"Fifty-Sixty" is a song by French singer Alizée. It was released as the second single from the album Psychédélices on February, 2008. "Fifty Sixty" was the first song from the album to be leaked in the Internet.

Music and Lyrics
The music was composed by Alizée's husband, Jérémy Chatelain, with lyrics by him and Jean Fauque. The chords of the chorus follow a standard i - bVI - bIII - bVII progression. The music includes many computer effects, without having been considered completely electronic. The lyrics to Fifty-Sixty tell, in personal and metaphorical manner, of a young model under the guidance of Andy Warhol, possibly inspired by real-life story of Edie Sedgwick. The song ends with a reiteration of how she foolishly believed Andy thought that she was the most beautiful model of all.

Music video
The music video was directed by French director Yanick Saillet. It was released in early May 2008. It was released in black and white and features some colorful special effects.

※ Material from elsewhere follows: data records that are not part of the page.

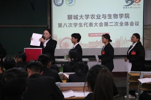大会宣读并审议通过《Ky开元集团学生会工作报告》及《聊城大Ky开元集团学生会章程修正案》。最后,学生代表进行现场投票,本着公平、公正的原则,选出了Ky开元集团2025届学生会轮值主席团成员及参加Ky开元集团第十次学生代表大会代表,逯海凤、孙梦杰、马光玉为新一届学生会主席团成员。会议最后,王艺桦宣读《致全院青年学生的倡议书》,号召学院学生会全体同学要秉承“耕智尚学,生科致远”的院训,奋力书写为中国式现代化挺膺担当的青春篇章。在圆满完成各项议程后,大会在校歌中落幕。
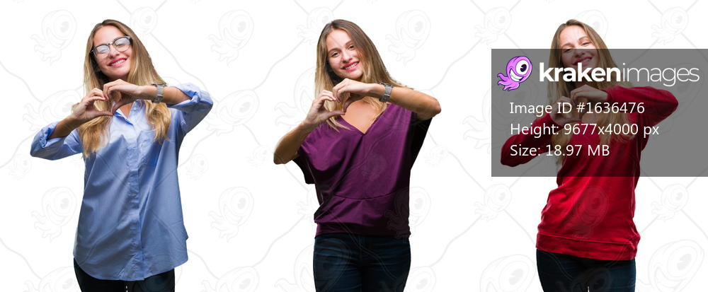 Collage of young beautiful blonde woman over isolated background smiling in love showing heart symbol and shape with hands. Romantic concept.
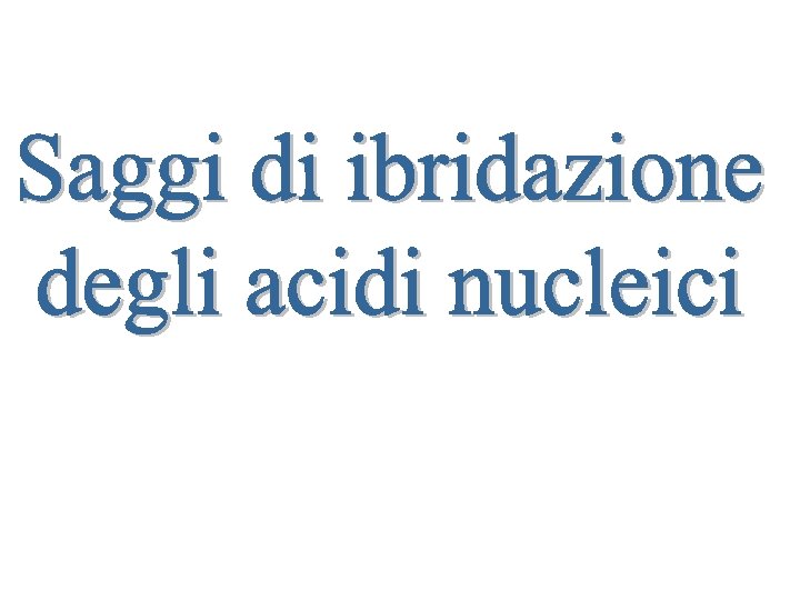 Saggio di ibridazione Il saggio di ibridazione degli acidi nucleici richiede la formazione di eteroduplex tra sonde marcate a singolo filamento e sequenze complementari all’interno di un bersaglio molecolare
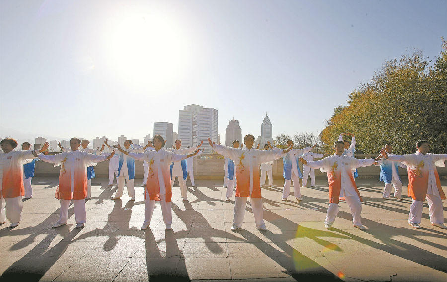 A+ | a10月10日,乌鲁木齐市水磨沟区在红山公园举办“共享健康·共享太极”千人太极文化节活动,1500余名太极拳和八段锦爱好者进行比赛和展演。乌市水磨沟区文化体育和旅游局(文物局)局长李文武表示,举办此次活动是为了深入弘扬中华优秀传统文化,进一步丰富和活跃各族群众的体育文化生活。石榴云/新疆日报记者 李雄心 摄
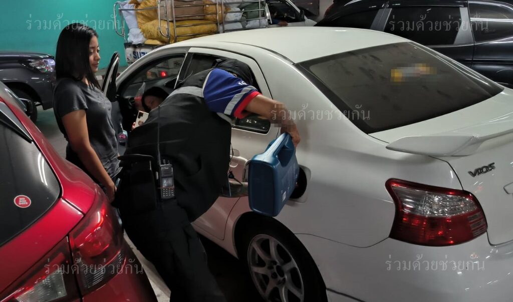 คุณรอนีย์ แจ้งผ่านสายด่วน 1677 ขอความช่วยเหลือรถน้ำมันหมด ใช้น้ำมันแก๊สโซฮอล์ E20 เป็นรถยนต์โตโยต้า วีออส สีขาว จอดอยู่ภายในห้างย่านถนนเพชรบุรี เขตราชเทวี กรุงเทพฯ
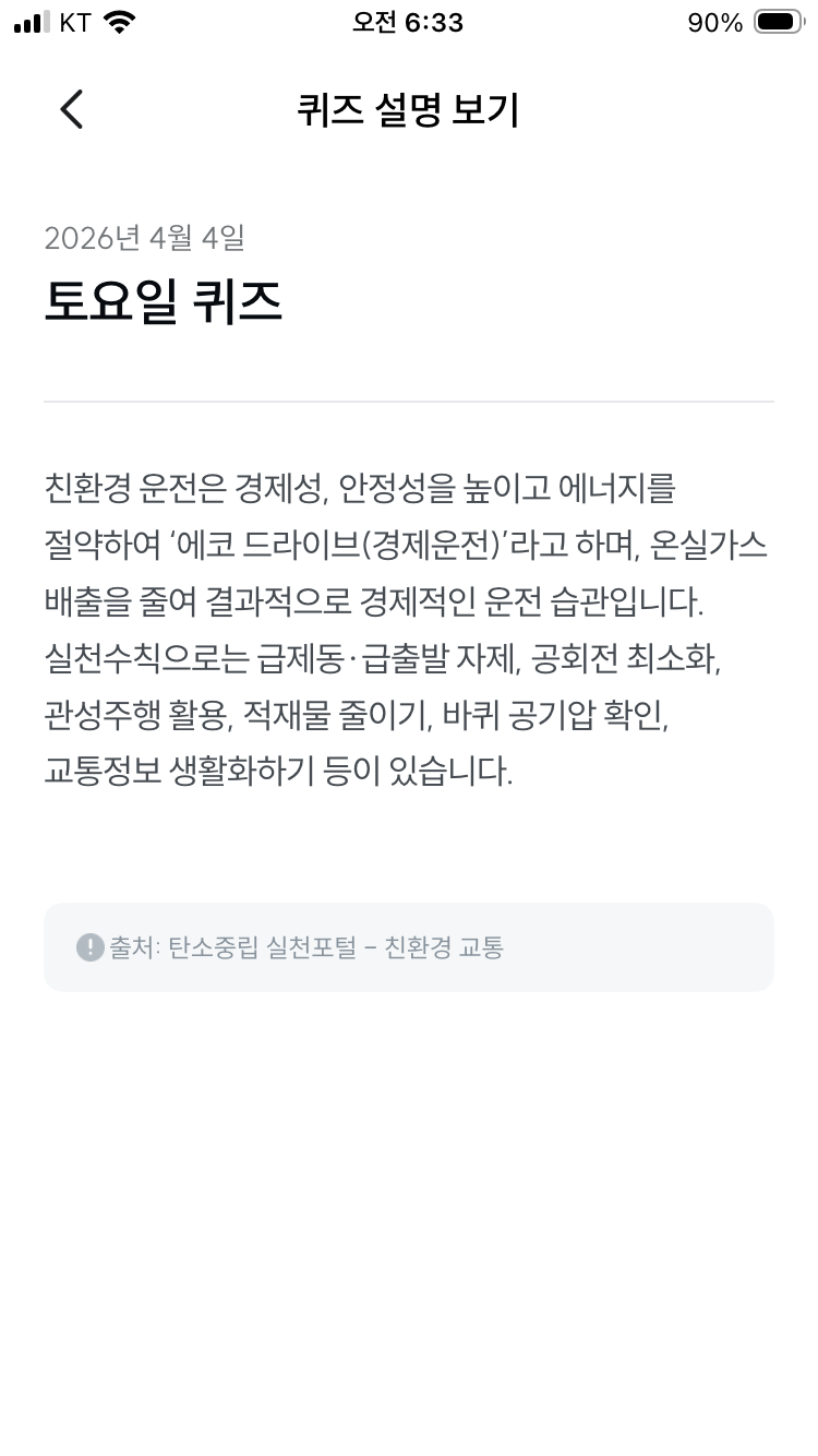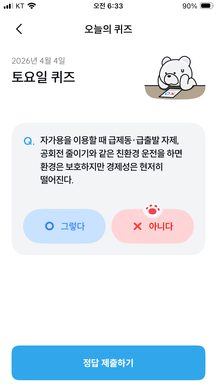 기후동행퀴즈 4월 4일 오늘의 기후행동 퀴즈 정답 문제 친환경 운전 에코 드라이브 뜻
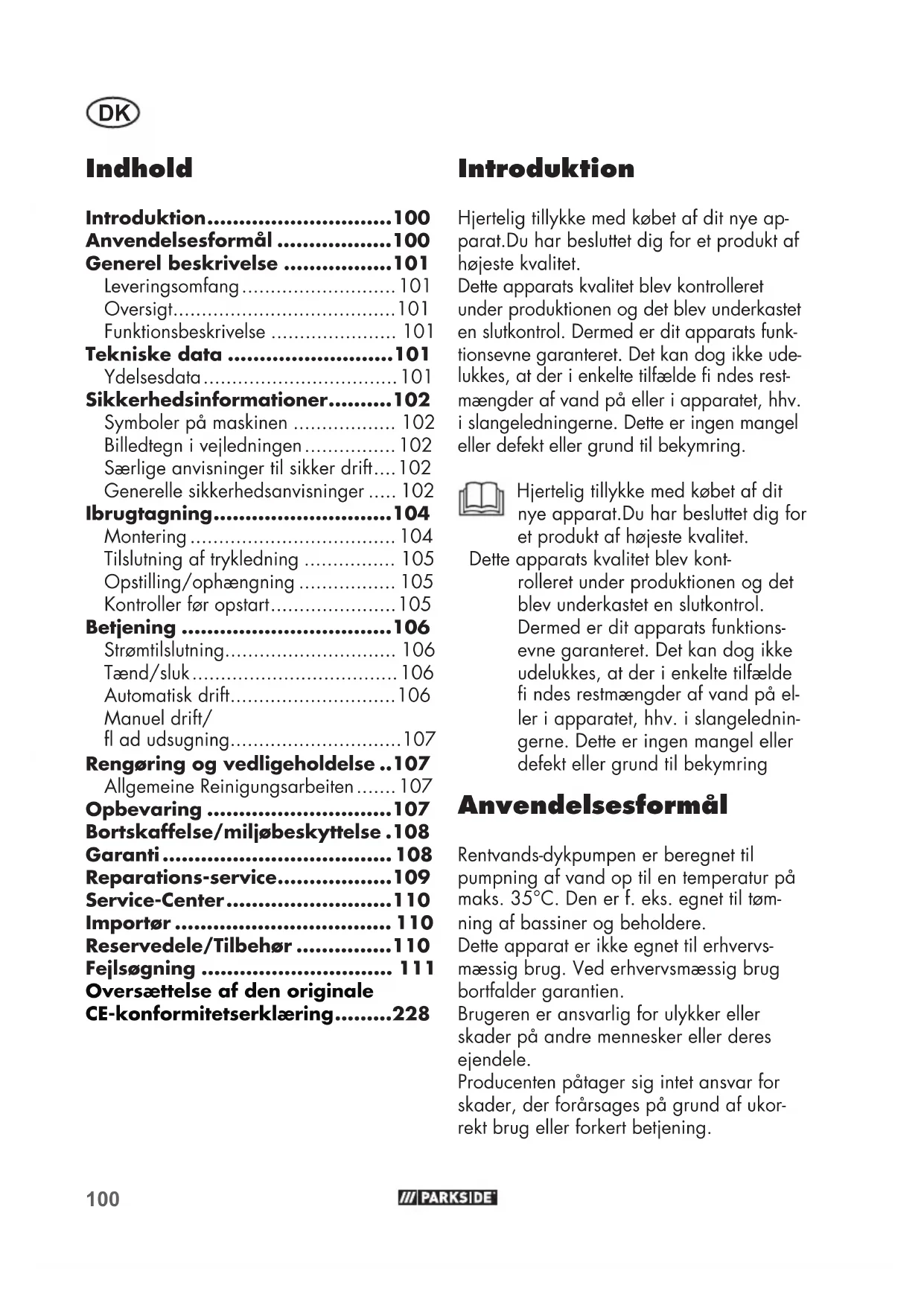 - Introduktion Hjertelig tillykke med købet af dit nye ap- parat.Du har besluttet dig for et produkt af højeste kvalitet. Dette apparats kvalitet blev kontrolleret under produktionen og det blev underkastet en slutkontrol. Dermed er dit apparats funk- tionsevne garanteret. Det kan dog ikke ude- lukkes, at der i enkelte tilfælde ndes rest- mængder af vand på eller i apparatet, hhv. i slangeledningerne. Dette er ingen mangel eller defekt eller grund til bekymring. Hjertelig tillykke med købet af dit nye apparat.Du har besluttet dig for et produkt af højeste kvalitet. Dette apparats kvalitet blev kont- rolleret under produktionen og det blev underkastet en slutkontrol. Dermed er dit apparats funktions- evne garanteret. Det kan dog ikke udelukkes, at der i enkelte tilfælde ndes restmængder af vand på el- ler i apparatet, hhv. i slangelednin- gerne. Dette er ingen mangel eller defekt eller grund til bekymring Anvendelsesformål Rentvands-dykpumpen er beregnet til pumpning af vand op til en temperatur på maks. 35°C. Den er f. eks. egnet til tøm- ning af bassiner og beholdere. Dette apparat er ikke egnet til erhvervs- mæssig brug. Ved erhvervsmæssig brug bortfalder garantien. Brugeren er ansvarlig for ulykker eller skader på andre mennesker eller deres ejendele. Producenten påtager sig intet ansvar for skader, der forårsages på grund af ukor- rekt brug eller forkert betjening. Indhold Introduktion p. 100
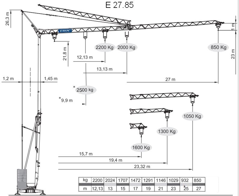 | max. Tragkraft (kg) bis 12,13 m | 2.200 |
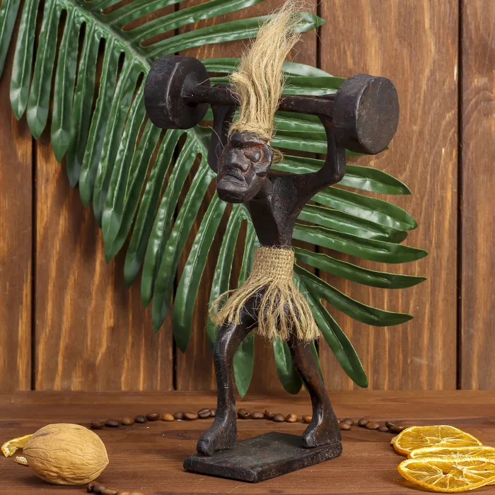 Сувенир «Абориген-штангист», 14×9×20 см, дерево — Характеристики
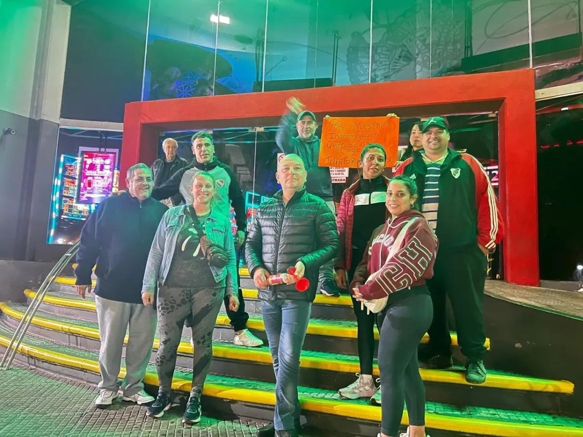 En la noche de este viernes, un grupo de despedidos se concentró en la puerta del Casino con un cartel para reclamar el pago y denunciaron la incertidumbre, precariedad y desamparo que sienten.
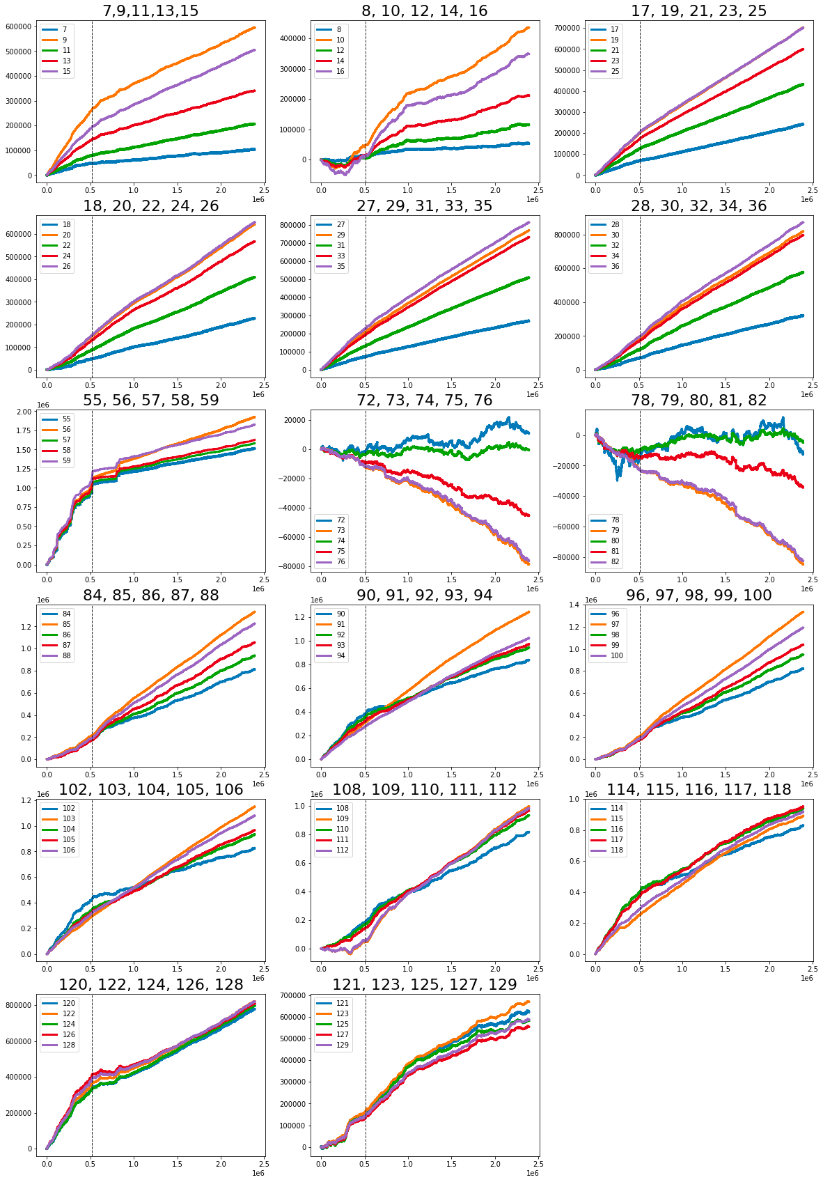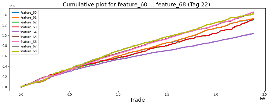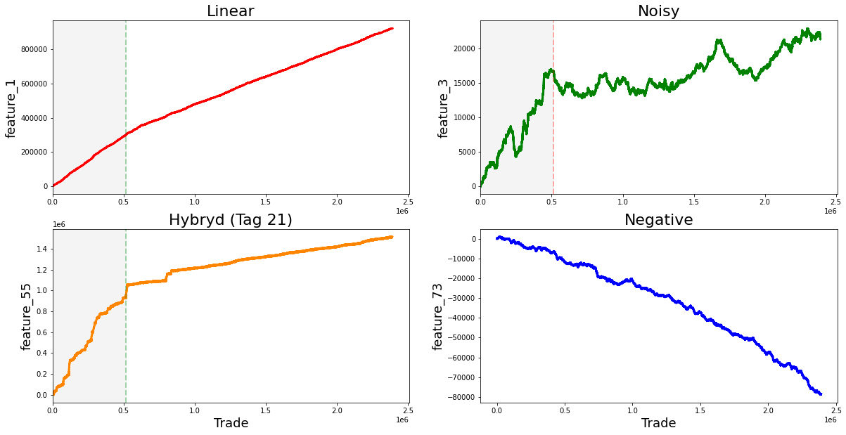 In contrast, the features classified as Hybrid, specifically those in Tag 21, encompass numbers 55, 56, 57, 58, and 59. Initially, these features exhibit noise, displaying prominent, almost discontinuous steps at the trade marks of 0.2M, 0.5M, and 0.8M. Subsequently, they transition to a linear pattern. Collectively, these five features constitute the Tag 21 set.

The music video starts with Alizée and her friends talking and walking in the stairs of a building. While they are talking, colorful effects are shown on top of them. Later, they enter an apartment and Alizée puts on a vinyl which has the cover of the "Mademoiselle Juliette" single on it. When the music starts, effects like heels with wings flying are shown in the apartment. Alizée and her friends start picking out shoes, bags, dresses and shirts and trying them on. Then, they walk on a runway with clothes they are trying out. For the bridge of the song, Alizée and her friends walk on the runway, while Alizée sings using a megaphone. Colorful lights and effects come out of the megaphone while she sings. In between the scenes, a scene of Alizée and a band playing the song is shown. On certain parts, the heads of the band members are replaced by cartoons.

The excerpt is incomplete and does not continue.